Continuum is basically TaskRabbit, but for high-paid executives. Whereas with TaskRabbit, you can hire gig workers to assemble furniture or repair your home, with Continuum, you can hire gig executives to consult your business — including, now, how to more smoothly, strategically, and "humanely" lay off workers.
"What ended up happening was in about March and April of this year, we had three or four customers that were already engaged with executives, leveraging those executives for layoff advice," Church explains about his company's recent shift to focusing on layoffs. "Then we started to see companies coming inbound, asking for more layoff advice."
[Editor's note: This is an excerpt of Planet Money's newsletter. You can sign up here.]
Continuum charges a flat fee for layoff consulting services, and the fee escalates with headcount. For companies with up to 100 employees, it costs $10,000. For those with between 100 and 250 employees, it costs $15,000. And for those with between 250 and 500 employees, it costs $20,000. If a company has more than 500 employees, Continuum's layoff services can cost more.
For this fee, Continuum offers ten hours of advising from "elite executive advisers," a plan to communicate layoffs to employees and the broader world, and an analysis to help with diversity, equity, and inclusion goals. They launched their layoff product line earlier this month, and, Church says, they've already had twelve prospective customers, in addition to six existing ones.
It can be in a company's self-interest to handle layoffs with tact and compassion. "If the company is lucky enough to survive, people will remember how they were treated during this time," Church says. "And if they were treated poorly, that will have an effect on your employer brand."
Seeing how they laid off or maltreated employees in the past, valuable workers might think twice about working for companies like Klarna or Better.com in the future. Moreover, the morale of a company's remaining employees obviously matters. If some workers are treated like garbage, it can damage overall performance and loyalty.
Church recommends that companies be kind to workers they let go and offer them at least four weeks severance pay. He advises companies cut once and cut deep to try and prevent a drip, drip, drip of agony at the company. And he says companies need to think strategically about their workers who remain, including "tucking in" their highest performers, with either cash or equity. "You want to make sure that they are there to help you get through this moment," Church says.
With the new launch of their layoff product line, a cynic might accuse Continuum of shameless opportunism, profiting from others' misery. But Church sees tremendous value in the services his company provides. He responds to this potential criticism: "I would say have some empathy for the founders and early HR people who have never done this before and who want to do this the right way."
Of course, we should also have some empathy for the workers themselves. Economic research finds that those laid off have higher mortality rates and potentially a lifetime of lower earnings. Church says one of its partners, a company called Dover, offers a website called "One Soft Landing," which tries to help laid off tech workers find new jobs.

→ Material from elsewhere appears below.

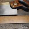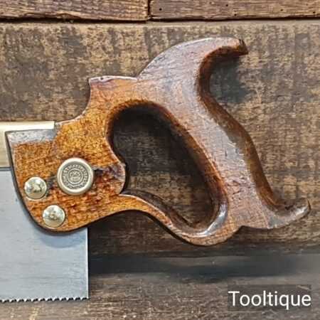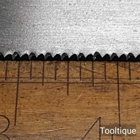The saw has been thoroughly cleaned, jointed, resharpened and set by hand so that all the hard work of getting an old vintage saw right has been undertaken. We do this so that the next sharpening is easier and no more than a quick freshen up would be required.

But, he admits, "there is a gap in the market to help these people, and, frankly, I wish there was more we could do."
Being laid off tends to be more harmful to workers than losing a job due to a business closure, research finds, because a layoff serves as an ominous signal to future employers. In a world of imperfect information, employers look for cues to assess the value of potential recruits, and a past layoff can brand workers as unproductive or lazy or untrustworthy. Call it the Scarlet Cover Letter.